= Supplied data =
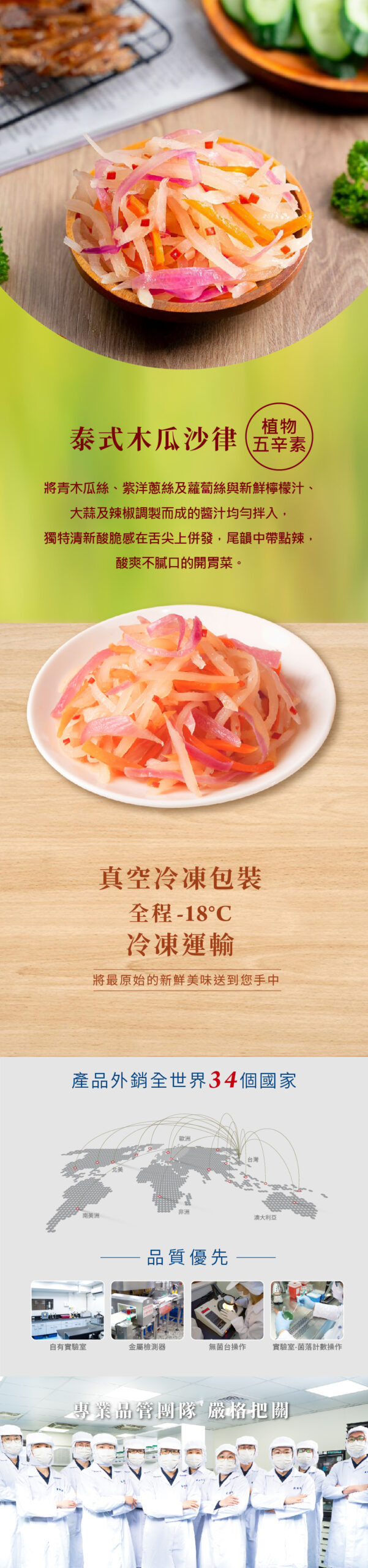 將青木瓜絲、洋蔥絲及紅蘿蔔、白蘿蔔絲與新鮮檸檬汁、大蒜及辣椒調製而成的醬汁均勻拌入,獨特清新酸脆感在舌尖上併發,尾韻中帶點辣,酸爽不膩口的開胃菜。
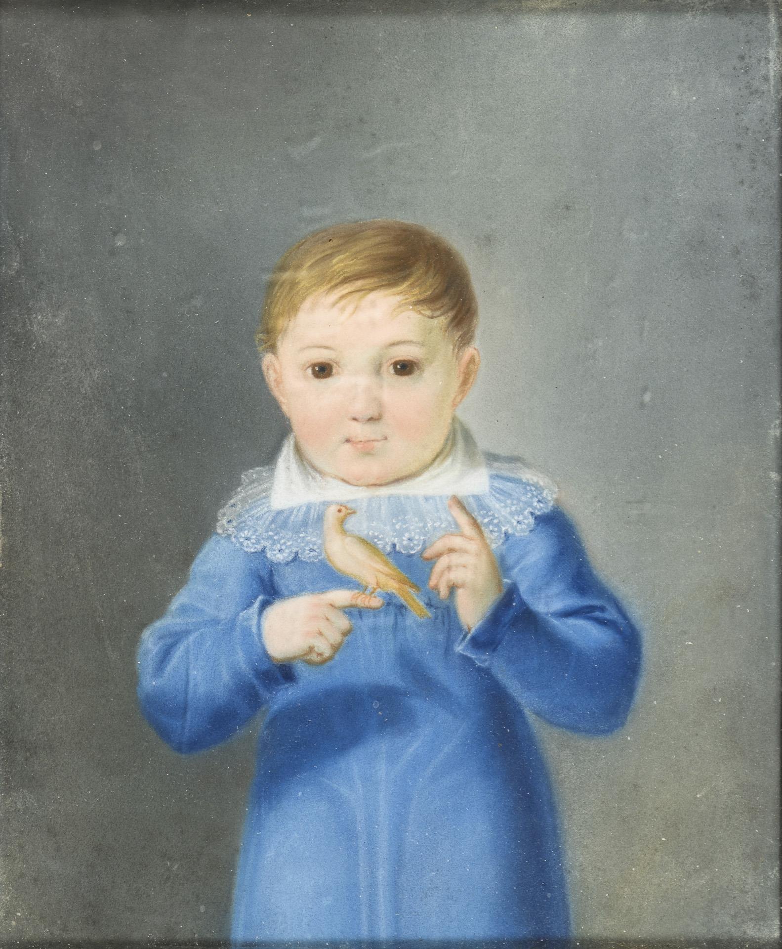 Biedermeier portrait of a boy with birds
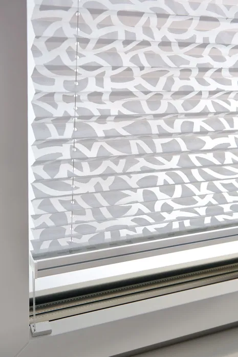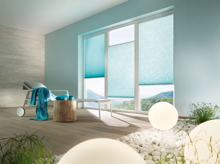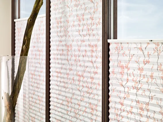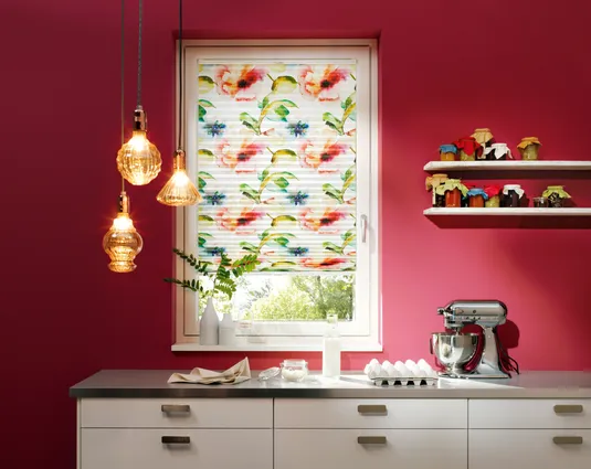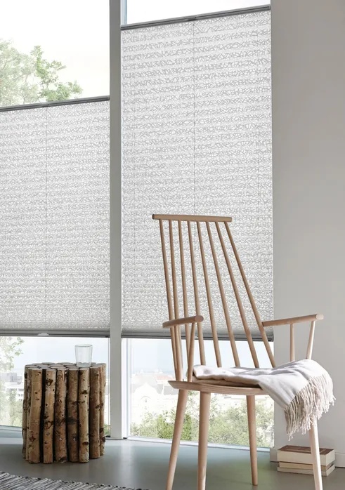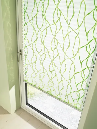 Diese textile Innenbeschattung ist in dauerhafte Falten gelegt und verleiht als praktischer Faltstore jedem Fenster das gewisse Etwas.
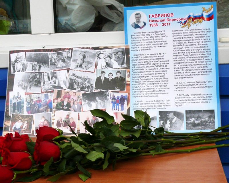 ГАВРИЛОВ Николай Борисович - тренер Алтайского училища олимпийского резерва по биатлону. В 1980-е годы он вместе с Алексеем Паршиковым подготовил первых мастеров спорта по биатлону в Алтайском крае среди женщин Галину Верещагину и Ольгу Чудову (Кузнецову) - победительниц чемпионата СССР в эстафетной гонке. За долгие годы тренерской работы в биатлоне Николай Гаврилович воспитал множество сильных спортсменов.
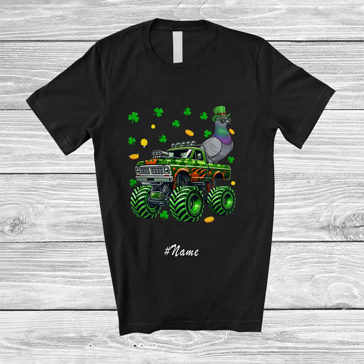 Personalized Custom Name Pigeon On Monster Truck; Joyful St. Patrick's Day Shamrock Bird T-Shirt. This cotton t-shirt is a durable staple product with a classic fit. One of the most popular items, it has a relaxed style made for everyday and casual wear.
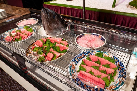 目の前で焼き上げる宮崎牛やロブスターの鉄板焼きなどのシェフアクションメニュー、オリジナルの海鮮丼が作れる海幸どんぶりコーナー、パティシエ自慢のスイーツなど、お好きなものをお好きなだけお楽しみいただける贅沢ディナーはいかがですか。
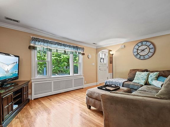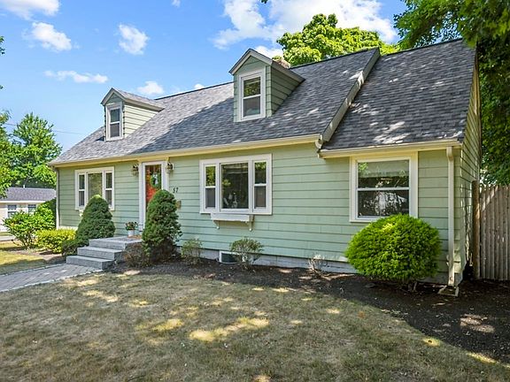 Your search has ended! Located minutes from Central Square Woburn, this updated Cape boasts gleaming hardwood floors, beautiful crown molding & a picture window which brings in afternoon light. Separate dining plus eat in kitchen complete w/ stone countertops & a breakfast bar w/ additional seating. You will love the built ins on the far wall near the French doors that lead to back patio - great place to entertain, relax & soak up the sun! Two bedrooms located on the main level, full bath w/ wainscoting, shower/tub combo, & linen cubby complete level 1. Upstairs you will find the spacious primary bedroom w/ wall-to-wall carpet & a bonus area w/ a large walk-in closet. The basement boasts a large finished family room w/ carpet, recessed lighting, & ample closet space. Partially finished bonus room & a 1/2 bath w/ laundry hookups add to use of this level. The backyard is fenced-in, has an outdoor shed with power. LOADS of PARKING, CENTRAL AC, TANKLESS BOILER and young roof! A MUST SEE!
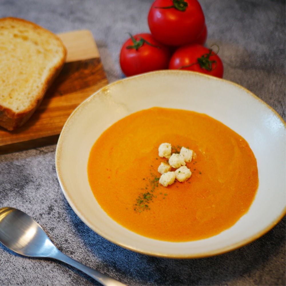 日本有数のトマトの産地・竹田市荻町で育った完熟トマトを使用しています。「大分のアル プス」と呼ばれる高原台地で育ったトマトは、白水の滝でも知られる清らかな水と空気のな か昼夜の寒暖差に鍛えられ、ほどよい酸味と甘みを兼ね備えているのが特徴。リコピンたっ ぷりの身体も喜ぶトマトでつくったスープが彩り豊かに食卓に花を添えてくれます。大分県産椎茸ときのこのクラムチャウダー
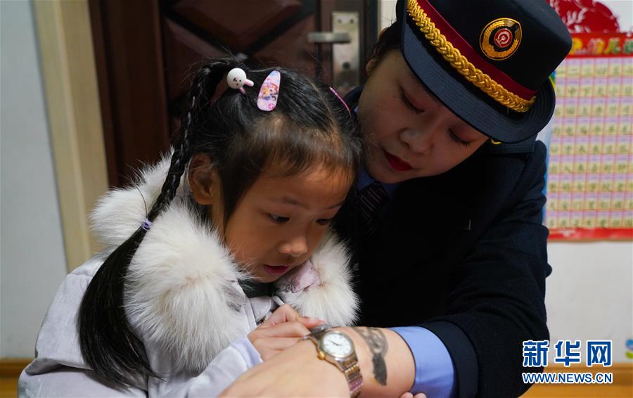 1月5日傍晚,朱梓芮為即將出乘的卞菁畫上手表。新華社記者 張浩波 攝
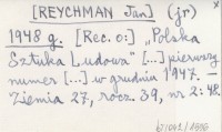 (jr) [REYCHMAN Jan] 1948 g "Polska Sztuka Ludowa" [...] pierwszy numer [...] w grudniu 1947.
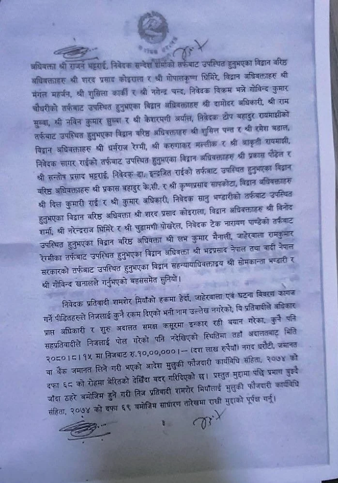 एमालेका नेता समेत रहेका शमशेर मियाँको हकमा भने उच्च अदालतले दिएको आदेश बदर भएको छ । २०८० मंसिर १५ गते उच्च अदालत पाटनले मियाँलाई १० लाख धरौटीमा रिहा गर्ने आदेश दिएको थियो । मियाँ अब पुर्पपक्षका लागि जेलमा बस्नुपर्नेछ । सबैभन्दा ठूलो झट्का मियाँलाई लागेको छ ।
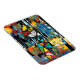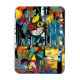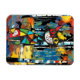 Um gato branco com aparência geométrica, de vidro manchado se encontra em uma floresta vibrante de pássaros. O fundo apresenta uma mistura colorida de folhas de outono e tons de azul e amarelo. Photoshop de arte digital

= Activity =
The listing above, line by line: print it exactly, but not its pictures.

= Response =
 將青木瓜絲、洋蔥絲及紅蘿蔔、白蘿蔔絲與新鮮檸檬汁、大蒜及辣椒調製而成的醬汁均勻拌入,獨特清新酸脆感在舌尖上併發,尾韻中帶點辣,酸爽不膩口的開胃菜。
 Biedermeier portrait of a boy with birds
 Diese textile Innenbeschattung ist in dauerhafte Falten gelegt und verleiht als praktischer Faltstore jedem Fenster das gewisse Etwas.
 ГАВРИЛОВ Николай Борисович - тренер Алтайского училища олимпийского резерва по биатлону. В 1980-е годы он вместе с Алексеем Паршиковым подготовил первых мастеров спорта по биатлону в Алтайском крае среди женщин Галину Верещагину и Ольгу Чудову (Кузнецову) - победительниц чемпионата СССР в эстафетной гонке. За долгие годы тренерской работы в биатлоне Николай Гаврилович воспитал множество сильных спортсменов.
 Personalized Custom Name Pigeon On Monster Truck; Joyful St. Patrick's Day Shamrock Bird T-Shirt. This cotton t-shirt is a durable staple product with a classic fit. One of the most popular items, it has a relaxed style made for everyday and casual wear.
 目の前で焼き上げる宮崎牛やロブスターの鉄板焼きなどのシェフアクションメニュー、オリジナルの海鮮丼が作れる海幸どんぶりコーナー、パティシエ自慢のスイーツなど、お好きなものをお好きなだけお楽しみいただける贅沢ディナーはいかがですか。
 Your search has ended! Located minutes from Central Square Woburn, this updated Cape boasts gleaming hardwood floors, beautiful crown molding & a picture window which brings in afternoon light. Separate dining plus eat in kitchen complete w/ stone countertops & a breakfast bar w/ additional seating. You will love the built ins on the far wall near the French doors that lead to back patio - great place to entertain, relax & soak up the sun! Two bedrooms located on the main level, full bath w/ wainscoting, shower/tub combo, & linen cubby complete level 1. Upstairs you will find the spacious primary bedroom w/ wall-to-wall carpet & a bonus area w/ a large walk-in closet. The basement boasts a large finished family room w/ carpet, recessed lighting, & ample closet space. Partially finished bonus room & a 1/2 bath w/ laundry hookups add to use of this level. The backyard is fenced-in, has an outdoor shed with power. LOADS of PARKING, CENTRAL AC, TANKLESS BOILER and young roof! A MUST SEE!
 日本有数のトマトの産地・竹田市荻町で育った完熟トマトを使用しています。「大分のアル プス」と呼ばれる高原台地で育ったトマトは、白水の滝でも知られる清らかな水と空気のな か昼夜の寒暖差に鍛えられ、ほどよい酸味と甘みを兼ね備えているのが特徴。リコピンたっ ぷりの身体も喜ぶトマトでつくったスープが彩り豊かに食卓に花を添えてくれます。大分県産椎茸ときのこのクラムチャウダー
 1月5日傍晚,朱梓芮為即將出乘的卞菁畫上手表。新華社記者 張浩波 攝
 (jr) [REYCHMAN Jan] 1948 g "Polska Sztuka Ludowa" [...] pierwszy numer [...] w grudniu 1947.
 एमालेका नेता समेत रहेका शमशेर मियाँको हकमा भने उच्च अदालतले दिएको आदेश बदर भएको छ । २०८० मंसिर १५ गते उच्च अदालत पाटनले मियाँलाई १० लाख धरौटीमा रिहा गर्ने आदेश दिएको थियो । मियाँ अब पुर्पपक्षका लागि जेलमा बस्नुपर्नेछ । सबैभन्दा ठूलो झट्का मियाँलाई लागेको छ ।
 Um gato branco com aparência geométrica, de vidro manchado se encontra em uma floresta vibrante de pássaros. O fundo apresenta uma mistura colorida de folhas de outono e tons de azul e amarelo. Photoshop de arte digital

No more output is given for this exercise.